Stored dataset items
· · ·

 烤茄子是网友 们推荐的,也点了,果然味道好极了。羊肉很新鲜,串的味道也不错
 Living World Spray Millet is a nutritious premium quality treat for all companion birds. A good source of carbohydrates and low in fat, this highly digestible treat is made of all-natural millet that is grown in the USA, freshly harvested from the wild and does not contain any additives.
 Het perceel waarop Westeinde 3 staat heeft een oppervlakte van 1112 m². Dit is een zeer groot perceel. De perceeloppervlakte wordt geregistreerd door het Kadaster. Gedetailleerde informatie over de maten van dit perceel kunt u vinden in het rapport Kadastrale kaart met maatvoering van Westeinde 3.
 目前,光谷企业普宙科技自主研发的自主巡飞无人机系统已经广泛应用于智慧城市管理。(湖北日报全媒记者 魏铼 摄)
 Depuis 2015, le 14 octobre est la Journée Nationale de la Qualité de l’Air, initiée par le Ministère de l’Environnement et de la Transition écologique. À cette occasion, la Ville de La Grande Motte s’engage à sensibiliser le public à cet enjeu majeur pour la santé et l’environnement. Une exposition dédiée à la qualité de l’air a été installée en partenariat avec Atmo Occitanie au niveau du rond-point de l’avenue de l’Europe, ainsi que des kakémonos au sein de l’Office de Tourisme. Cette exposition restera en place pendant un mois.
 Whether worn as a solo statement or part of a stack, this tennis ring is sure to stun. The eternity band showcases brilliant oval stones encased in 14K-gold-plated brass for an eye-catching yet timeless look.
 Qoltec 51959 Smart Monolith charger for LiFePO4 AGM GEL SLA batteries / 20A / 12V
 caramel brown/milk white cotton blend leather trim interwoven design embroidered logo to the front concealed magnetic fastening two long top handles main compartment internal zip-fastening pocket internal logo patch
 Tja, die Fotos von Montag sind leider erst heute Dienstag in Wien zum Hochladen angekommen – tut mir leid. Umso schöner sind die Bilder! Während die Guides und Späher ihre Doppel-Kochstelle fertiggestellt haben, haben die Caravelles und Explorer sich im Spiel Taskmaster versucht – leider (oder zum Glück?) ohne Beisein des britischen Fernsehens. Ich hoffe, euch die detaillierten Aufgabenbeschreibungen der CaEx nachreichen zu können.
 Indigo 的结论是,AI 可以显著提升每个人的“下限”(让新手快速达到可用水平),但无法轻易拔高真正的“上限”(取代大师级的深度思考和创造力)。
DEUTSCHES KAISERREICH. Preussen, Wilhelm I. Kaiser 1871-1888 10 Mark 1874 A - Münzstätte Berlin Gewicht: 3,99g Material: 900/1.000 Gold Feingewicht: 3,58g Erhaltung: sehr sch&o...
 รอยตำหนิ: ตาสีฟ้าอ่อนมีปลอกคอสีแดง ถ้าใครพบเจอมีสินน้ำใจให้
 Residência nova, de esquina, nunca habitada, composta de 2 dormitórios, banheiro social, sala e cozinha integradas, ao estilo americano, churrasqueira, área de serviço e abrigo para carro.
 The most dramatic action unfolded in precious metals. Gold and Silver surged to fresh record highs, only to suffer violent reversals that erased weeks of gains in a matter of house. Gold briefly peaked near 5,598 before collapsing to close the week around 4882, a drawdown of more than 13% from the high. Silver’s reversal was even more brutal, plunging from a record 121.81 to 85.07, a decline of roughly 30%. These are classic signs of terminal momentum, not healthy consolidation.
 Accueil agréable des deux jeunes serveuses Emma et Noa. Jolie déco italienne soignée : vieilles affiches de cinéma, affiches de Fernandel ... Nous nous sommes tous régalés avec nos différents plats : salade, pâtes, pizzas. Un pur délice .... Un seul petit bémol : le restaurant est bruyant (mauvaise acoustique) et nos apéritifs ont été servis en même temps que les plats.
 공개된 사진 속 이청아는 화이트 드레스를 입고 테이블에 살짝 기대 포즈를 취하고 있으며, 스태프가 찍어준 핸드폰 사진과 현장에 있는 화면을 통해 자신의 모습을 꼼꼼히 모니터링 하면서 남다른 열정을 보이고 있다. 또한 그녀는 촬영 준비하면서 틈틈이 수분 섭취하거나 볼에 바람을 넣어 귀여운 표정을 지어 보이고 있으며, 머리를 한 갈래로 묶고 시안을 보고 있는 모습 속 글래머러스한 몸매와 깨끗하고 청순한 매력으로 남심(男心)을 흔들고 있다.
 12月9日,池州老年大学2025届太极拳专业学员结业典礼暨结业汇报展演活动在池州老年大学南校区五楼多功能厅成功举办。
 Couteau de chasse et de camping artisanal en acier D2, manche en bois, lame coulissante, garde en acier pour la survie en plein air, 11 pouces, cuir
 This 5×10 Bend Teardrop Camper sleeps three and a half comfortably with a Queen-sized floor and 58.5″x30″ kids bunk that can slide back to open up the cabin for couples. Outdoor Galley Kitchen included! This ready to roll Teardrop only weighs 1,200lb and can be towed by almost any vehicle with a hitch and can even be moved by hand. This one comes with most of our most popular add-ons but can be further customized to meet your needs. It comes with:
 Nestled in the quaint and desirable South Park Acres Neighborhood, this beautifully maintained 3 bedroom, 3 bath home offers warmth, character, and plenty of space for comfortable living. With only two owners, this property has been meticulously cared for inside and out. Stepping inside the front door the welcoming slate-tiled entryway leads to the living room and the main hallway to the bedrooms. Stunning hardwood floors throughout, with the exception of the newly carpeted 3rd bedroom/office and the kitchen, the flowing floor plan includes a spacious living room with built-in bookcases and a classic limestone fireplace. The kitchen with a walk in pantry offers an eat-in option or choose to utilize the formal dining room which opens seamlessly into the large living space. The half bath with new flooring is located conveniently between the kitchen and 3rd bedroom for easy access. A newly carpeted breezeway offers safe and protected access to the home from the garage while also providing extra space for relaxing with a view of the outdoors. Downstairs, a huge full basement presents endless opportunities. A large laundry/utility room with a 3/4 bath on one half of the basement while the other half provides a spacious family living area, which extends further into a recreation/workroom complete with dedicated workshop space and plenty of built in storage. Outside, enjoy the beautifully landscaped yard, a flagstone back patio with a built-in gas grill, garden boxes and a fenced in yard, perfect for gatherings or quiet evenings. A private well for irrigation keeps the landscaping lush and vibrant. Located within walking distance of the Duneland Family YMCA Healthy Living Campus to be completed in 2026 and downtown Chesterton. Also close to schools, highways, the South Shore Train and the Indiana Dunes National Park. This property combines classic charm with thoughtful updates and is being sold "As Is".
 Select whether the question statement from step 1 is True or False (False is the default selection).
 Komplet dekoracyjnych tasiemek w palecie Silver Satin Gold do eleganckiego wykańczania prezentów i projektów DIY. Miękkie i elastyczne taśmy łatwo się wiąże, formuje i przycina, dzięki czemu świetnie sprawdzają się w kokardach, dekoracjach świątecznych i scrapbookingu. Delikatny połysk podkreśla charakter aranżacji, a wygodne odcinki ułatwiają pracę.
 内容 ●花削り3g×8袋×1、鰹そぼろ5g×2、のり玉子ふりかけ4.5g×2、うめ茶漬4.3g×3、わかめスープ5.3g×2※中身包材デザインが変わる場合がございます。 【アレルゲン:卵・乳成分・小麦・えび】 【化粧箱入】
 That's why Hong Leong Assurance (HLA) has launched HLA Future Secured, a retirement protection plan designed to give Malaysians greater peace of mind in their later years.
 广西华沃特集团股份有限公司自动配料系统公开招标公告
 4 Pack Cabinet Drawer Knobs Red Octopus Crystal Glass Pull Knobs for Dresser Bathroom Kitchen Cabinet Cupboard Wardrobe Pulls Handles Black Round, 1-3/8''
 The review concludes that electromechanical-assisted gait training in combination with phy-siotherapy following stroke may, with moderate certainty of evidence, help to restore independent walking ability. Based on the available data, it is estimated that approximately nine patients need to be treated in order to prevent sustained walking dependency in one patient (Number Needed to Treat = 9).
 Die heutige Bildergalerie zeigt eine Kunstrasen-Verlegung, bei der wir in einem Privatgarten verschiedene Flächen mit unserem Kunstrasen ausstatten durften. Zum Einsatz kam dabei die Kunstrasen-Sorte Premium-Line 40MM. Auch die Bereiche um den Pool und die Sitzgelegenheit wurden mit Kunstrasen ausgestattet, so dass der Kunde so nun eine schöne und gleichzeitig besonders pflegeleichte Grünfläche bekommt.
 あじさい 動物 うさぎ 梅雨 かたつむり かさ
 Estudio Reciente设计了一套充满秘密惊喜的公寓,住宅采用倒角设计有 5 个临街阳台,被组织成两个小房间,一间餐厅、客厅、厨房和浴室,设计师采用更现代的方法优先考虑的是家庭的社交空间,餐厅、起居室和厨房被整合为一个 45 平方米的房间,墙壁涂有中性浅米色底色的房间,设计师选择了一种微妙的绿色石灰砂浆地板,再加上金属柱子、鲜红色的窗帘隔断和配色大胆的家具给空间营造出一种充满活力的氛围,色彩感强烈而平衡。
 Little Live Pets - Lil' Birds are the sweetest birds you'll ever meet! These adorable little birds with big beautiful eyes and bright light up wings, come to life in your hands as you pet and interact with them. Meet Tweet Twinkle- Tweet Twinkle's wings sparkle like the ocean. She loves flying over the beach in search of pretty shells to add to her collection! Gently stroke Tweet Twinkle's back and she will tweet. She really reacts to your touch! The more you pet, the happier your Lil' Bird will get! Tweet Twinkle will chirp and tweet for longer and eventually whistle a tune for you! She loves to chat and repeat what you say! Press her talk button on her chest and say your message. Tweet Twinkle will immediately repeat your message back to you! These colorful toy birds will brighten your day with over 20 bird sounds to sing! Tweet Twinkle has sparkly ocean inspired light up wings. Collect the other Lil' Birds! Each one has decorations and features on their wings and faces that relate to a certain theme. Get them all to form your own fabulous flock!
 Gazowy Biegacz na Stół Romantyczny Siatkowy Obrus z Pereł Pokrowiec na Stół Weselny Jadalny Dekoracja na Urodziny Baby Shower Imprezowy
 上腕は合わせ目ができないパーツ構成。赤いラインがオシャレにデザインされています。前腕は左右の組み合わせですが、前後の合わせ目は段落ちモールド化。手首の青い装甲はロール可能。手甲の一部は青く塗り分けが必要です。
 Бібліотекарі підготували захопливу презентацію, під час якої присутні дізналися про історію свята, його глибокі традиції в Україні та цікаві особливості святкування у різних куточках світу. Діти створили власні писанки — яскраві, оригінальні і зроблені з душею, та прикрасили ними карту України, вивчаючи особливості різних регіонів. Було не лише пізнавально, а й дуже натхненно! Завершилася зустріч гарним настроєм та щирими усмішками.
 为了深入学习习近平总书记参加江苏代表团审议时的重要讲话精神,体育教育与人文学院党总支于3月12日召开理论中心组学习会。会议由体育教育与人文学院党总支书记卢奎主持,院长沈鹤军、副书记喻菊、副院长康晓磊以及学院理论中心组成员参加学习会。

· · ·

→ **ASSIGNMENT**
Each line from the beginning of the entries to the line with "目前,光谷企业普宙科技自主研发的自主巡飞无人机系统已经广泛应用于智慧城市管理。(湖北日报全媒记者 魏铼 摄)" must be repeated exactly, with both end lines kept and no other lines given.

→ **EXPECTED ANSWER**
 烤茄子是网友 们推荐的,也点了,果然味道好极了。羊肉很新鲜,串的味道也不错
 Living World Spray Millet is a nutritious premium quality treat for all companion birds. A good source of carbohydrates and low in fat, this highly digestible treat is made of all-natural millet that is grown in the USA, freshly harvested from the wild and does not contain any additives.
 Het perceel waarop Westeinde 3 staat heeft een oppervlakte van 1112 m². Dit is een zeer groot perceel. De perceeloppervlakte wordt geregistreerd door het Kadaster. Gedetailleerde informatie over de maten van dit perceel kunt u vinden in het rapport Kadastrale kaart met maatvoering van Westeinde 3.
 目前,光谷企业普宙科技自主研发的自主巡飞无人机系统已经广泛应用于智慧城市管理。(湖北日报全媒记者 魏铼 摄)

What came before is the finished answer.